About World Diabetes Day

14 November

Find out more about World Diabetes Day

Key messages
1 in 10 people are living
with diabetes

Nurses and diabetes

The theme of World Diabetes Day 2020 is The Nurse and Diabetes. The campaign aims to raise awareness around the crucial role that nurses play in supporting people living with diabetes.

According to the World Health Organization (WHO)*:

  • Nurses accounts for 59% of health professionals
  • The global nursing workforce is 27.9 million, of which 19.3 million are professional nurses
  • The global shortage of nurses in 2018 was 5.9 million. 89% of that shortage is concentrated in low- and middle-income countries

The number of nurses trained and employed needs to grow by 8% a year to overcome alarming shortfalls in the profession by 2030.

WHO estimates that the total investment required to achieve the targets outlined in the Social Development Goals (SDGs) by 2030 stand at 3.9 trillion USD – 40% of which should be dedicated to remunerating the health workforce.

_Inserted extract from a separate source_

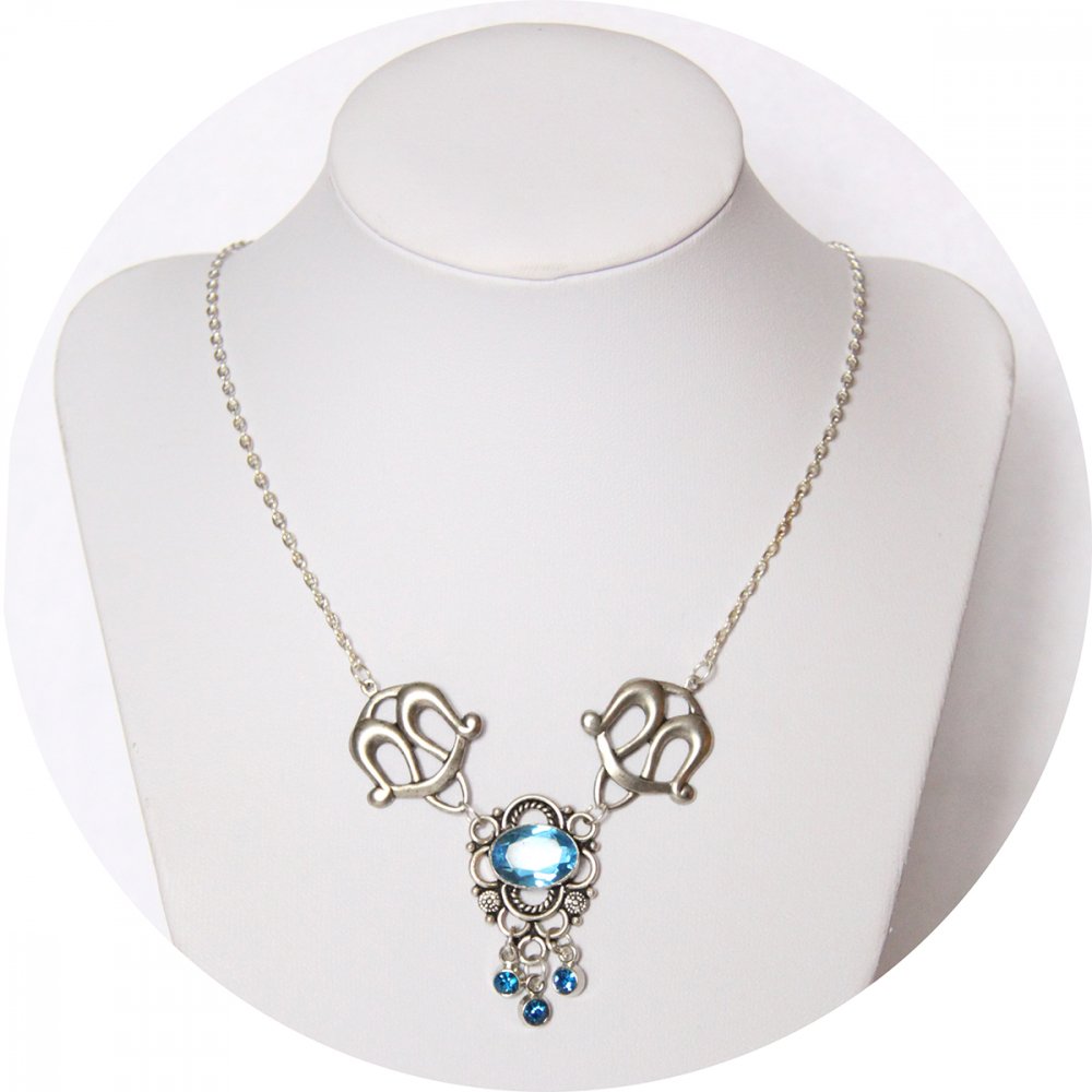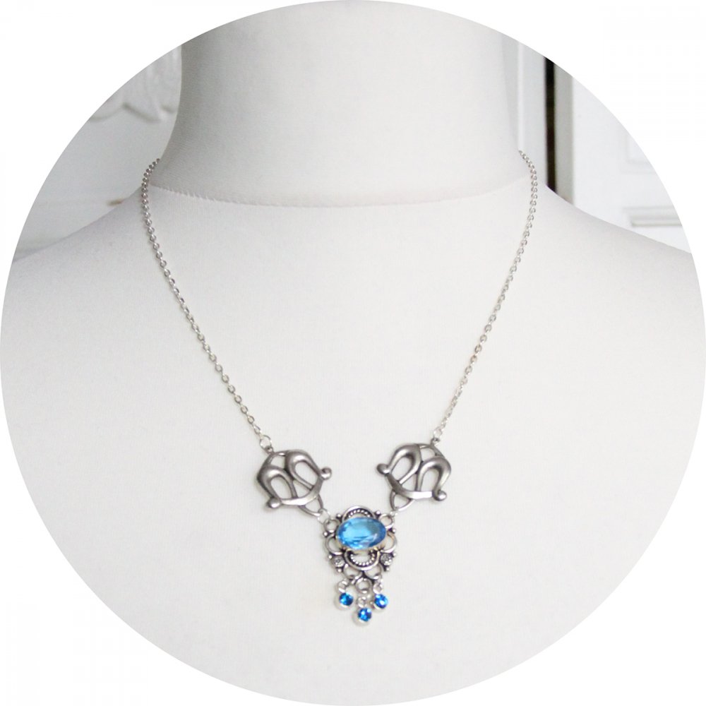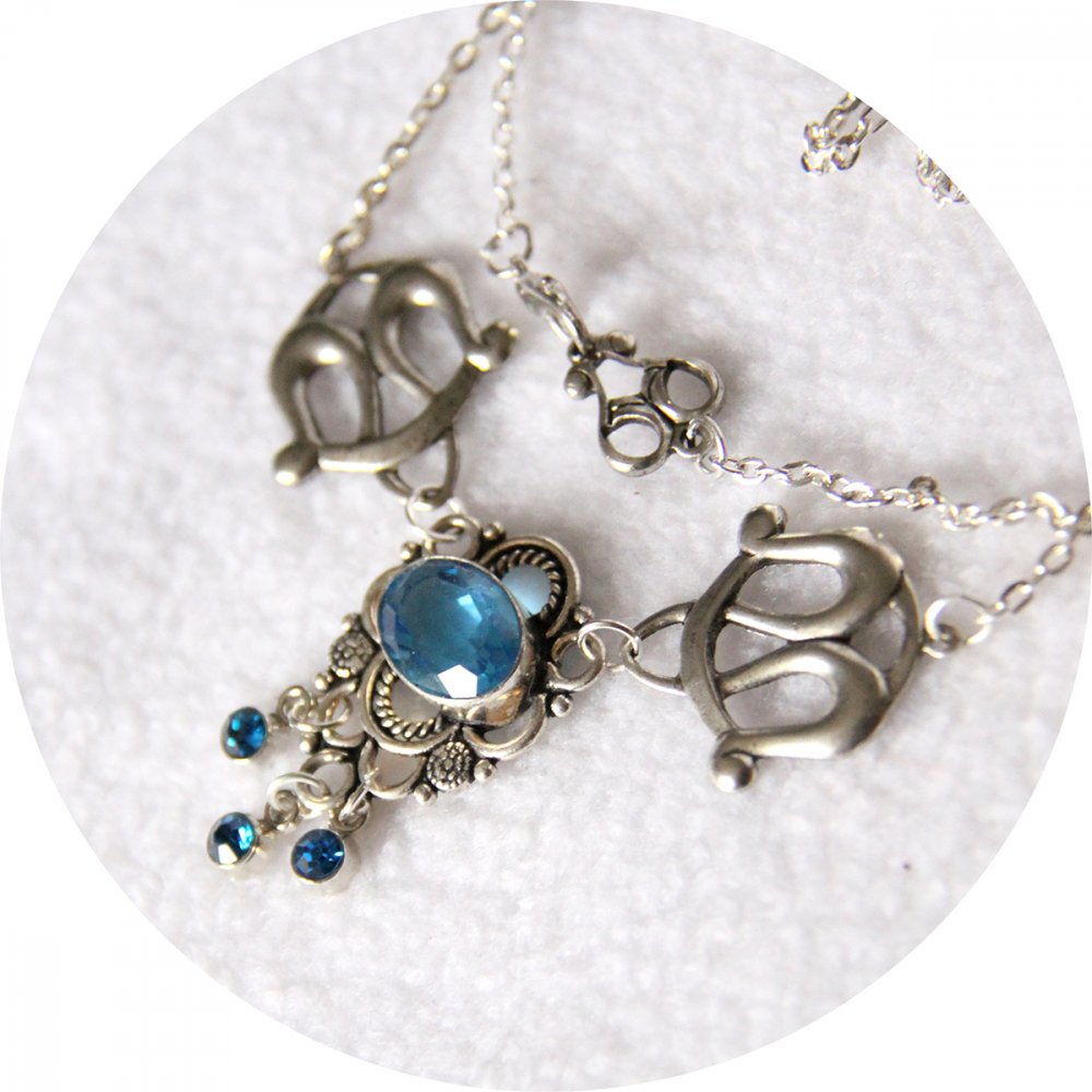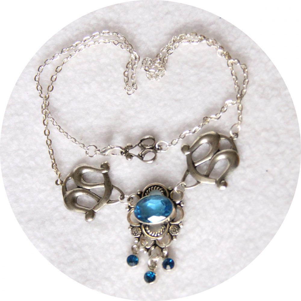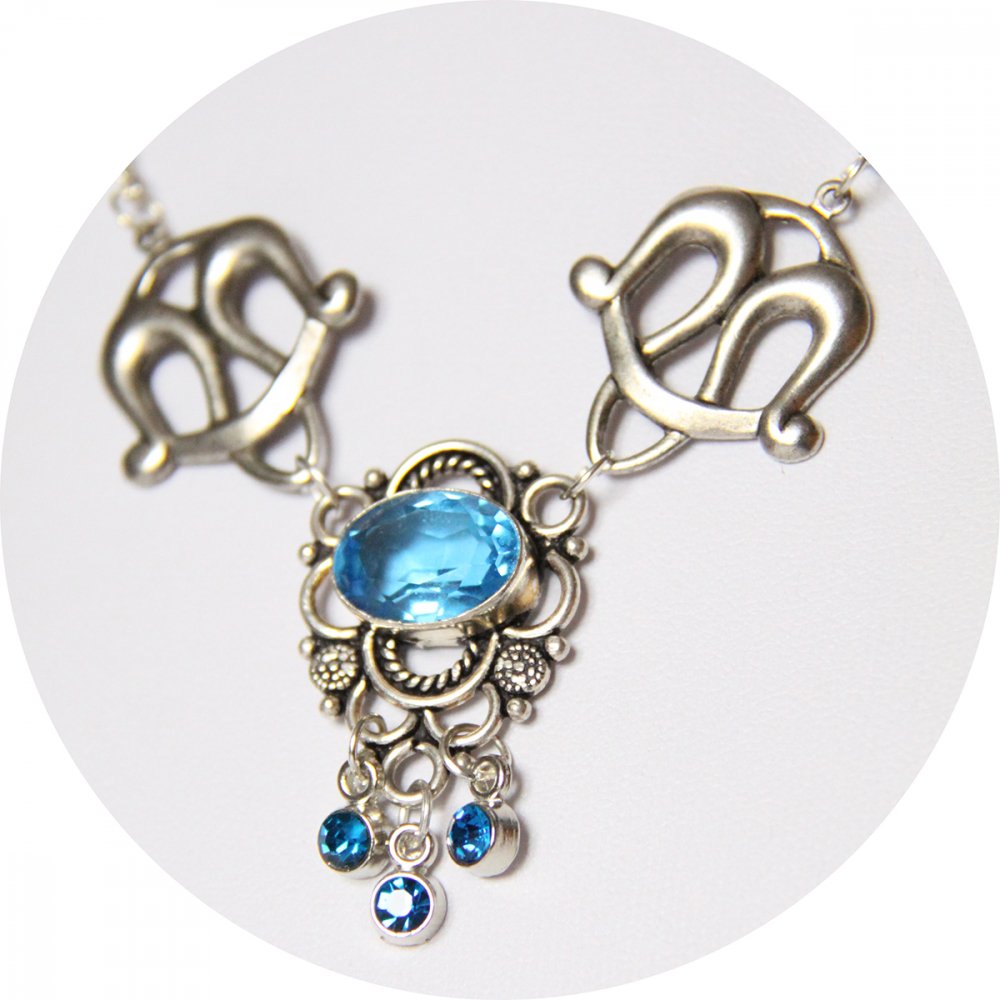 Collier arabesque argent antique et cabochon en cristal bleu.

Investing in the health workforce also has the capacity to impact other SDGs on eradicating poverty, ensuring inclusive and equitable education, achieving gender equality through the employment and empowerment of women, and promoting decent work and sustainable and inclusive economic growth.

IDF is speaking to policy-makers and nurses directly about the steps that can be taken to ensure health professionals are best prepared to support people living with diabetes in their communities – through better education and funding.

Nurses: make the difference for diabetes

As a highly valued member of the community, nurses do outstanding work to support people living with a wide range of health concerns. People who either live with diabetes or are at risk of developing the condition need their support too.

People living with diabetes face a number of challenges, and education is vital to equip nurses with the skills to support them. IDF wants to facilitate opportunities for nurses to learn more about the condition and receive training so that they can make a difference for people with diabetes.

An online course – The Role of the Diabetes Educator – is available to help nurses assess what they know about diabetes and improve their knowledge and understanding of the condition.

Diabetes: nurses make the difference

As the number of people with diabetes continues to rise across the world, the role of nurses and other health professional support staff is becoming increasingly important in managing the impact of the condition. Nurses are often the first and sometimes only health professional that a person interacts with and so the quality of their initial assessment, care and treatment is vital.

Nurses play a key role in:

  • Diagnosing diabetes early to ensure prompt treatment.
  • Providing self-management training and psychological support for people with diabetes to help prevent complications.
  • Tackling the risk factors for type 2 diabetes to help prevent the condition

There remains a significant need for more education and funding to equip nurses around the world with the skills to support people living with diabetes and those at risk of developing type 2 diabetes.

Healthcare providers and governments must therefore recognise the importance of investing in education and training. With the right expertise, nurses can make the difference for people affected by diabetes.

On behalf of people living with, and affected by diabetes, IDF is requesting national governments to recognise and advance the role of nurses in diabetes care.